*Information supplied:*

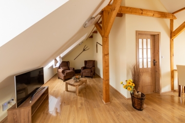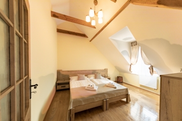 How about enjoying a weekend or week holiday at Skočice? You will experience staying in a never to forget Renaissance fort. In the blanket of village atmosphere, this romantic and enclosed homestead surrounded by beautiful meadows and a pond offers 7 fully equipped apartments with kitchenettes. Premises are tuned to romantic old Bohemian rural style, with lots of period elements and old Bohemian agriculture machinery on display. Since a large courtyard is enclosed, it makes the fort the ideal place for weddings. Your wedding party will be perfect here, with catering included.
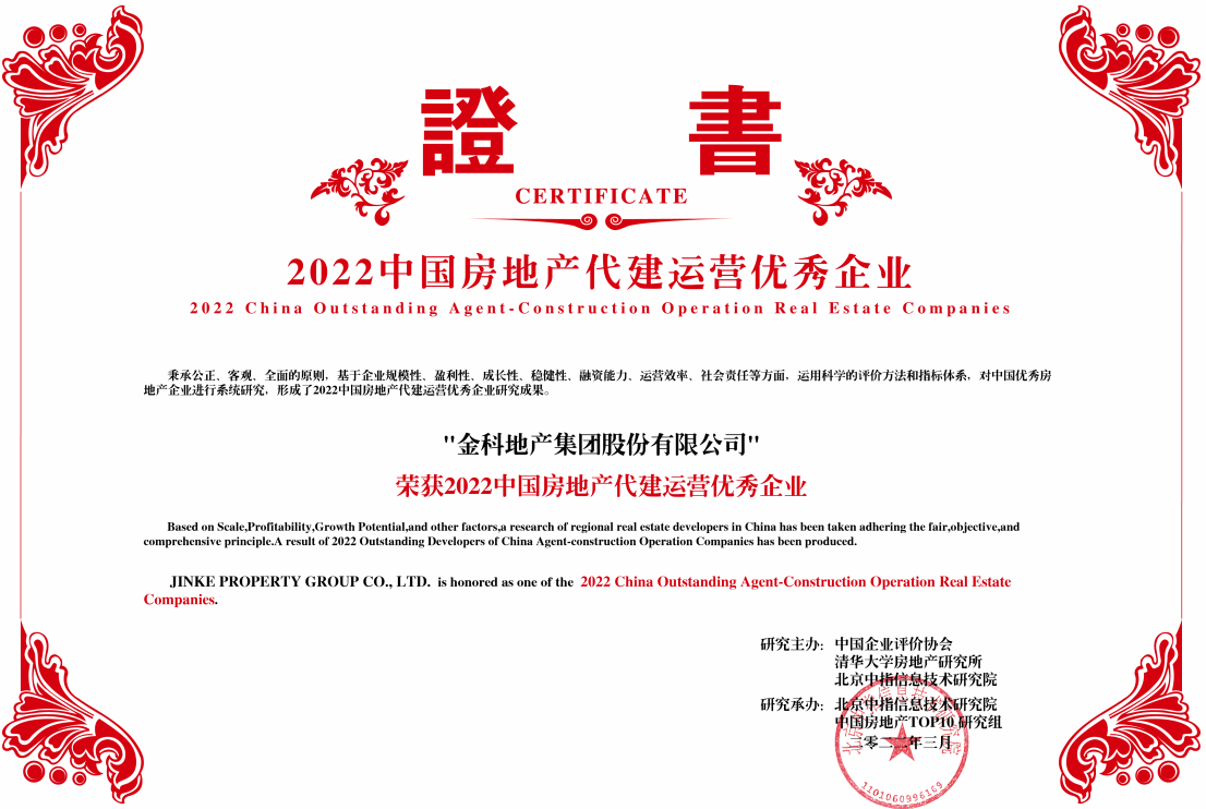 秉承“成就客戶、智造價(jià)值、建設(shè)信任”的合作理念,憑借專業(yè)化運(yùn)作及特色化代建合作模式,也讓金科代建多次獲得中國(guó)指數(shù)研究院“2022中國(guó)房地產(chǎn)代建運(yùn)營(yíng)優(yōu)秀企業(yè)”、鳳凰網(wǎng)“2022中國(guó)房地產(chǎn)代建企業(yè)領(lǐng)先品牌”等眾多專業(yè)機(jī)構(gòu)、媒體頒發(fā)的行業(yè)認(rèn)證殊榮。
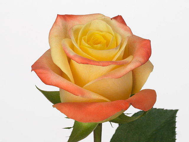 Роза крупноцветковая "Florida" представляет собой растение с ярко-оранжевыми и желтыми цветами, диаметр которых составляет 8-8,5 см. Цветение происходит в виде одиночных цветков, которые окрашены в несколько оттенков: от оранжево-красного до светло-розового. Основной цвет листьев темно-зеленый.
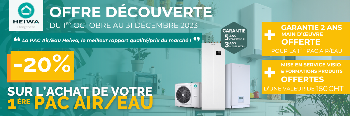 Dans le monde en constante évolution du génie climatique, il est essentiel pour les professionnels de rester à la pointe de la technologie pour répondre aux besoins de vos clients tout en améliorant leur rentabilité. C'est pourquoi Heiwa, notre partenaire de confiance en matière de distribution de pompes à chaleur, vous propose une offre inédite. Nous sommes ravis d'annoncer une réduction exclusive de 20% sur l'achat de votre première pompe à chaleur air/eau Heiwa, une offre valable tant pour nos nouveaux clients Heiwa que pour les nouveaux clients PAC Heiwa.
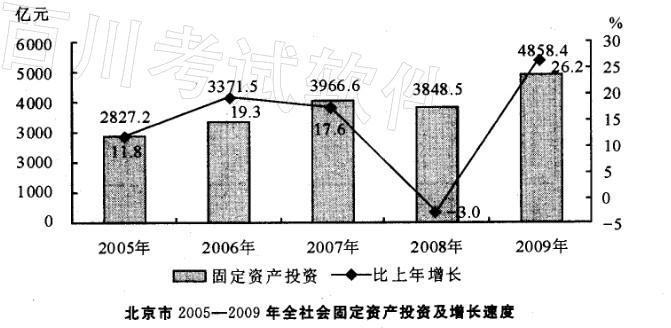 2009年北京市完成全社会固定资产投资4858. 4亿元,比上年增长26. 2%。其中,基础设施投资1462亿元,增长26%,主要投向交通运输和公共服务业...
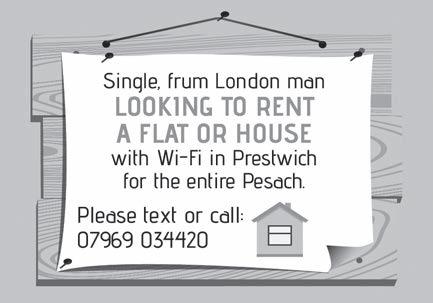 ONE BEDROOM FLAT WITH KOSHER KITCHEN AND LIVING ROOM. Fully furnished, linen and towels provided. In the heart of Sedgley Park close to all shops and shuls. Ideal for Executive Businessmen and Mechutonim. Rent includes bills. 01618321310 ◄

==

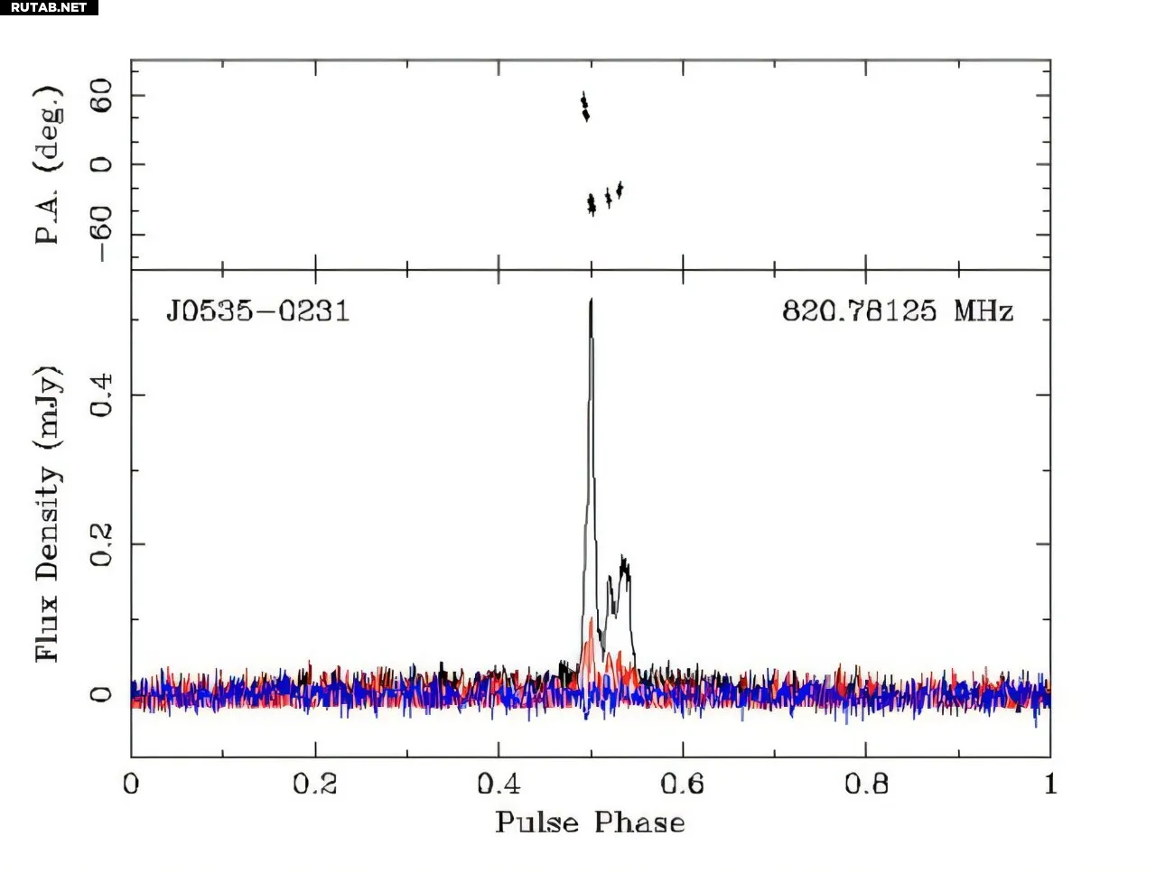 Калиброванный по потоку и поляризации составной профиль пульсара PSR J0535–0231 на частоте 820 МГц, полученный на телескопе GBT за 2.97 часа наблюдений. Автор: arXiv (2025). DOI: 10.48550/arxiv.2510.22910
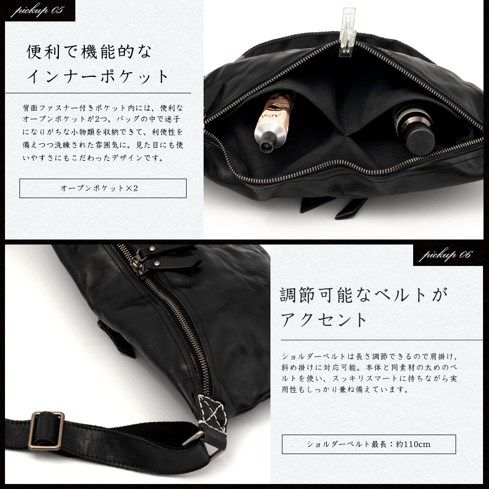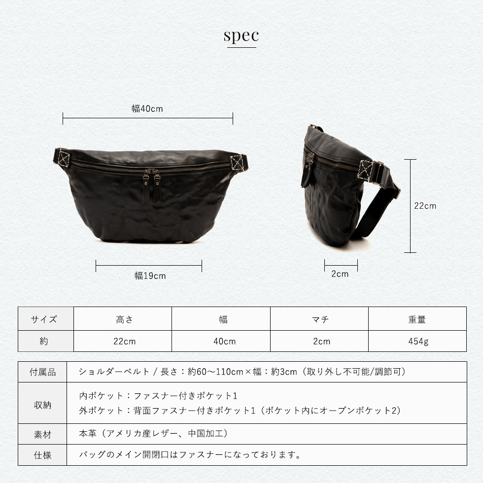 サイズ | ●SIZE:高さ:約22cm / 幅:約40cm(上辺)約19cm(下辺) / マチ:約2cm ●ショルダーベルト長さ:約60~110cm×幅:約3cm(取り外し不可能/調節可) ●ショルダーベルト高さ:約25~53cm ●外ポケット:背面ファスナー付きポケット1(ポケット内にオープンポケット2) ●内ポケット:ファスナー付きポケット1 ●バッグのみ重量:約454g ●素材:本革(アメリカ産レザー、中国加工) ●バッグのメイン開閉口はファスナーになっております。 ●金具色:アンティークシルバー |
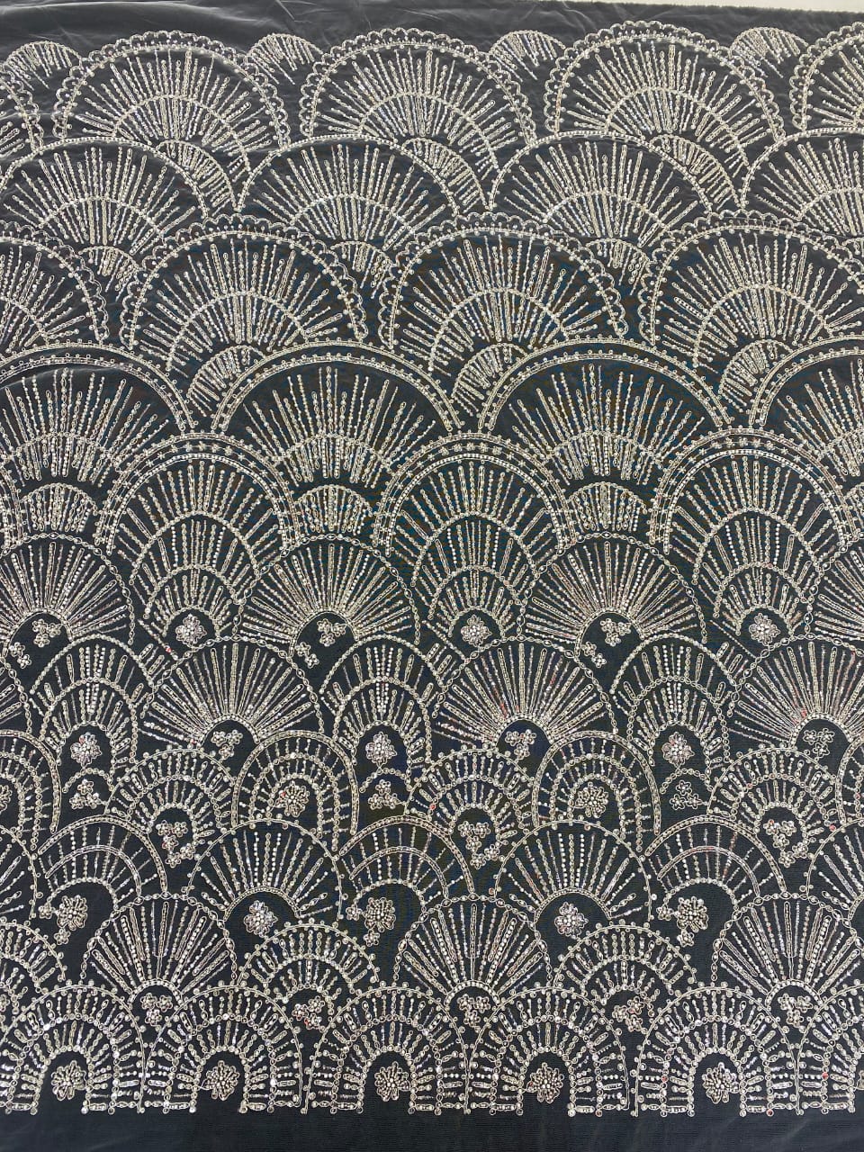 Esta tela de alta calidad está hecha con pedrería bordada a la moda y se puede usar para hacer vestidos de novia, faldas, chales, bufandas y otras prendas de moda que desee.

*Your assignment:*
An exact copy is needed of the stretch above that opens with the line containing "Dans le monde" and closes with the line containing "ONE BEDROOM FLAT"; the pictures are not part of it.

*Answer to this exercise:*
 Dans le monde en constante évolution du génie climatique, il est essentiel pour les professionnels de rester à la pointe de la technologie pour répondre aux besoins de vos clients tout en améliorant leur rentabilité. C'est pourquoi Heiwa, notre partenaire de confiance en matière de distribution de pompes à chaleur, vous propose une offre inédite. Nous sommes ravis d'annoncer une réduction exclusive de 20% sur l'achat de votre première pompe à chaleur air/eau Heiwa, une offre valable tant pour nos nouveaux clients Heiwa que pour les nouveaux clients PAC Heiwa.
 2009年北京市完成全社会固定资产投资4858. 4亿元,比上年增长26. 2%。其中,基础设施投资1462亿元,增长26%,主要投向交通运输和公共服务业...
 ONE BEDROOM FLAT WITH KOSHER KITCHEN AND LIVING ROOM. Fully furnished, linen and towels provided. In the heart of Sedgley Park close to all shops and shuls. Ideal for Executive Businessmen and Mechutonim. Rent includes bills. 01618321310 ◄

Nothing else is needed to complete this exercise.